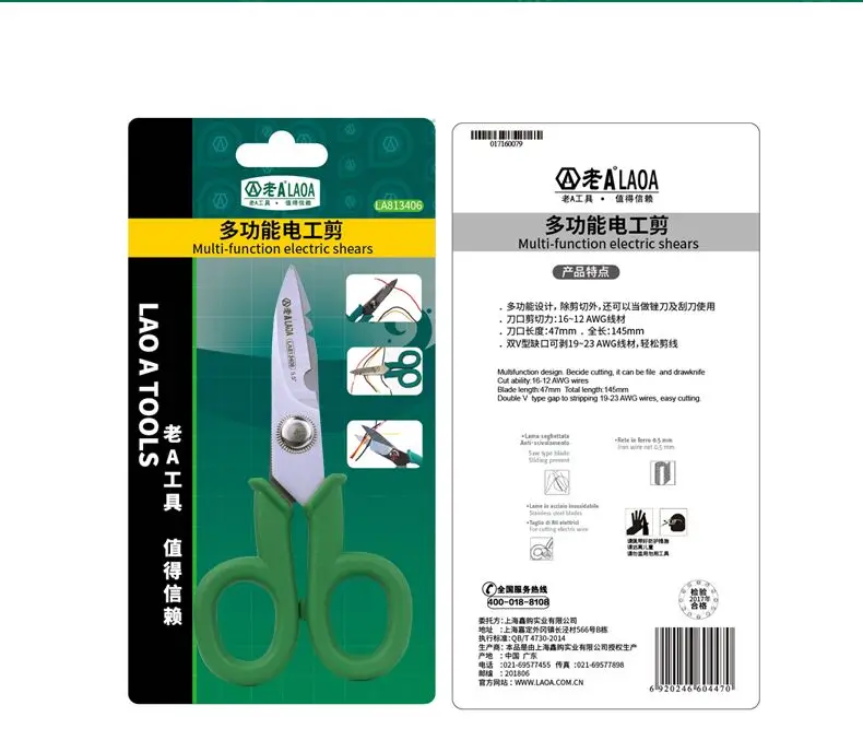Название продукта: Многофункциональные электрические ножницыБренд: LAOA TOOLSМодель: LA813406Общая длина: 145 ммВес: 0,12 кгМощность кромки: 16 ~ 12 AWG проводДлина края ножа: 47 ммИспользование: предназначен для ремонта телефонов, обслуживания приборов, этоУдобные и прочные пластиковые ручки, двойныеV-образная конструкция может прокладывать провод 19 ~ 23 AWG, легкая линия резки.Характеристики: многофункциональный дизайн, помимо резки, можетТакже используется как файл и скребок.
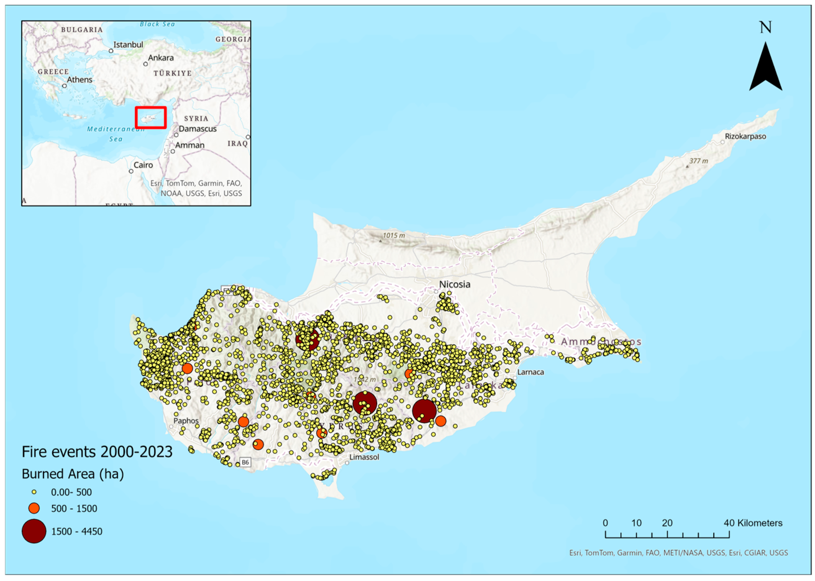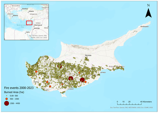 - Department of Forests in Cyprus. Forest Fire Statistics for the Period 2000-2023; Department of Forests in Cyprus: Lefkosia, Cyprus, 2023. [Google Scholar]
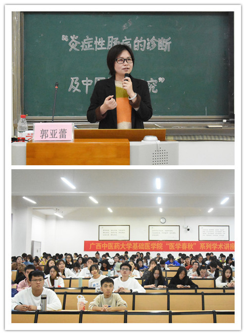为了丰富基础医学院大学生课余学习生活,营造良好学术交流氛围,增强大学生中医学习思维,基础医学院于12月16日下午在仙葫校区1-207教室举办“医学春秋”系列学术讲座之《炎症性肠病的诊断及中医治疗研究》,由郭亚蕾副教授主讲,基础医学院近200名同学参加此次讲座。
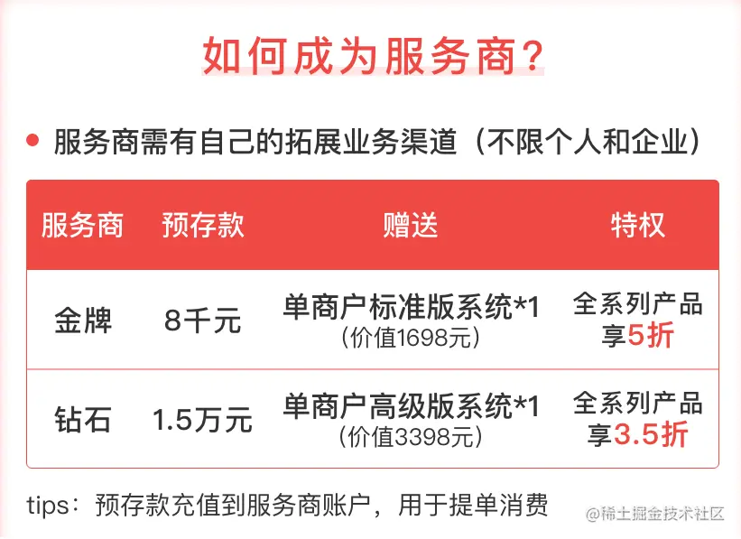 代理服务商,传统意义上的加盟代理,成为服务商的下线,做他们的代理,对接的是服务商,这种模式对技术能力要求没有很高,只需要有自己的业务拓展渠道,推广项目即可,成为代理服务商门槛较低,投入的资金小,风险小。

+ + +

What you will do: Exactly reproduce the lines that run from the first line of the listing above to the line containing "为了丰富基础医学院大学生课余", including both; omit the pictures.

Final answer:
Название продукта: Многофункциональные электрические ножницыБренд: LAOA TOOLSМодель: LA813406Общая длина: 145 ммВес: 0,12 кгМощность кромки: 16 ~ 12 AWG проводДлина края ножа: 47 ммИспользование: предназначен для ремонта телефонов, обслуживания приборов, этоУдобные и прочные пластиковые ручки, двойныеV-образная конструкция может прокладывать провод 19 ~ 23 AWG, легкая линия резки.Характеристики: многофункциональный дизайн, помимо резки, можетТакже используется как файл и скребок.
 - Department of Forests in Cyprus. Forest Fire Statistics for the Period 2000-2023; Department of Forests in Cyprus: Lefkosia, Cyprus, 2023. [Google Scholar]
为了丰富基础医学院大学生课余学习生活,营造良好学术交流氛围,增强大学生中医学习思维,基础医学院于12月16日下午在仙葫校区1-207教室举办“医学春秋”系列学术讲座之《炎症性肠病的诊断及中医治疗研究》,由郭亚蕾副教授主讲,基础医学院近200名同学参加此次讲座。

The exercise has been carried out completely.